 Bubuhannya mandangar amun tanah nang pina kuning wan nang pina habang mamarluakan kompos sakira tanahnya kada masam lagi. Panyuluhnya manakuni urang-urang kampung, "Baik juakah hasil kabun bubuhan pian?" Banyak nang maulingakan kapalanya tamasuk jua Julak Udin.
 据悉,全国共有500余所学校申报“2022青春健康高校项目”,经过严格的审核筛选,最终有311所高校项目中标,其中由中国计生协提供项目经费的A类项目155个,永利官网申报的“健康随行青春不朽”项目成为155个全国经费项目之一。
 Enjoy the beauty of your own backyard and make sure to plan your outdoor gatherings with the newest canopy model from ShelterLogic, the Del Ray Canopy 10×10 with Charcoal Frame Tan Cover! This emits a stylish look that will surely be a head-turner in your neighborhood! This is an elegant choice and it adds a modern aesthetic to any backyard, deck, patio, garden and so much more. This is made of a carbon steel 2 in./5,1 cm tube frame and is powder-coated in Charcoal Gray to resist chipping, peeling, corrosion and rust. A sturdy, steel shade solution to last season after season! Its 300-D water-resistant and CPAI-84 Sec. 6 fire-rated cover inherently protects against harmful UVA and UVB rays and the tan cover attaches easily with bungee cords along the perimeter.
--
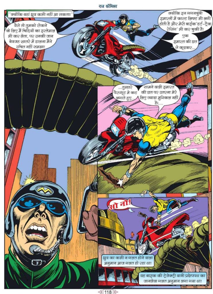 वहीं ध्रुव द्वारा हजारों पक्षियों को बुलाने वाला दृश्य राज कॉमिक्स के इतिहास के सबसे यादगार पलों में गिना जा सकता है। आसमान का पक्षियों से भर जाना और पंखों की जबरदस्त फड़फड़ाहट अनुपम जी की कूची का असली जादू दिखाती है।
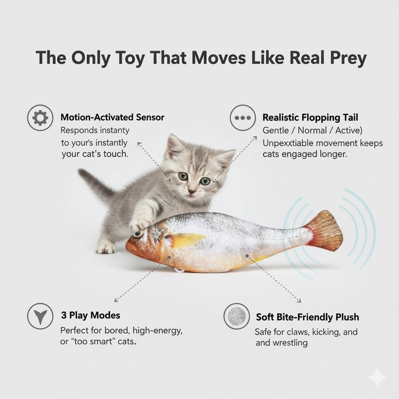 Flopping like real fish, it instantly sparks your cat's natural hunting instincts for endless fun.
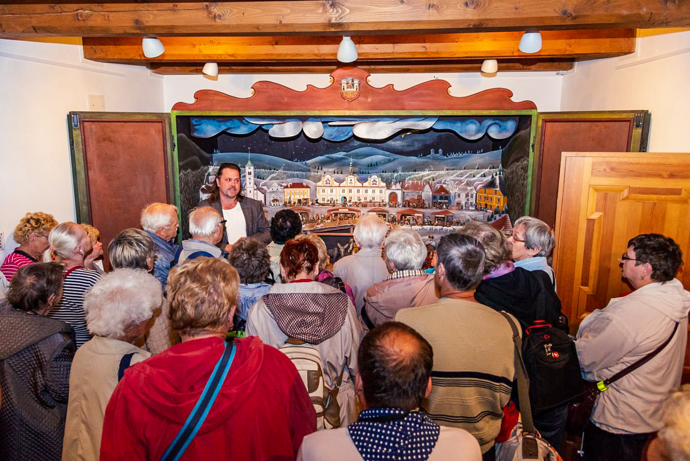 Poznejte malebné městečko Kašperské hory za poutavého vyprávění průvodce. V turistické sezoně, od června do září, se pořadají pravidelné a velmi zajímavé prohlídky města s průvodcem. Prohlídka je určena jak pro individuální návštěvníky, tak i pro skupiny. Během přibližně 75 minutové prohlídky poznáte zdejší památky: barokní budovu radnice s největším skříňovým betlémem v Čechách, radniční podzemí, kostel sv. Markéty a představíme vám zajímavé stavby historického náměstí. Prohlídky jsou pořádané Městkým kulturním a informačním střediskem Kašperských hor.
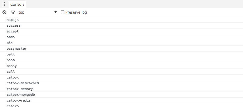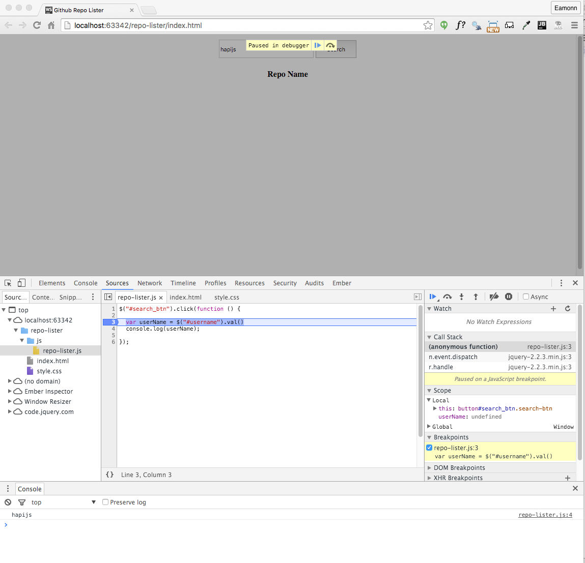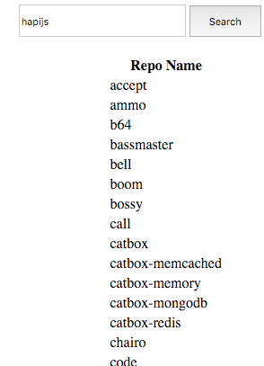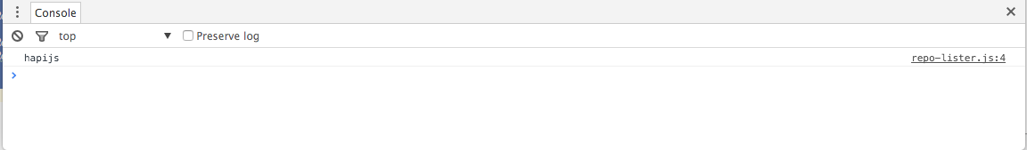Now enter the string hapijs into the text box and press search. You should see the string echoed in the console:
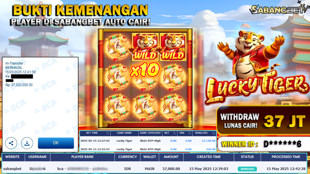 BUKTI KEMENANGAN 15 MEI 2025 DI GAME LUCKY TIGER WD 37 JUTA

__How to complete this task__.
Above this task is a listing. Restate, word for word and with nothing added, the lines from the one with "Bubuhannya mandangar amun" through the one with "Enjoy the beauty".

__Expected output__.
 Bubuhannya mandangar amun tanah nang pina kuning wan nang pina habang mamarluakan kompos sakira tanahnya kada masam lagi. Panyuluhnya manakuni urang-urang kampung, "Baik juakah hasil kabun bubuhan pian?" Banyak nang maulingakan kapalanya tamasuk jua Julak Udin.
 据悉,全国共有500余所学校申报“2022青春健康高校项目”,经过严格的审核筛选,最终有311所高校项目中标,其中由中国计生协提供项目经费的A类项目155个,永利官网申报的“健康随行青春不朽”项目成为155个全国经费项目之一。
 Enjoy the beauty of your own backyard and make sure to plan your outdoor gatherings with the newest canopy model from ShelterLogic, the Del Ray Canopy 10×10 with Charcoal Frame Tan Cover! This emits a stylish look that will surely be a head-turner in your neighborhood! This is an elegant choice and it adds a modern aesthetic to any backyard, deck, patio, garden and so much more. This is made of a carbon steel 2 in./5,1 cm tube frame and is powder-coated in Charcoal Gray to resist chipping, peeling, corrosion and rust. A sturdy, steel shade solution to last season after season! Its 300-D water-resistant and CPAI-84 Sec. 6 fire-rated cover inherently protects against harmful UVA and UVB rays and the tan cover attaches easily with bungee cords along the perimeter.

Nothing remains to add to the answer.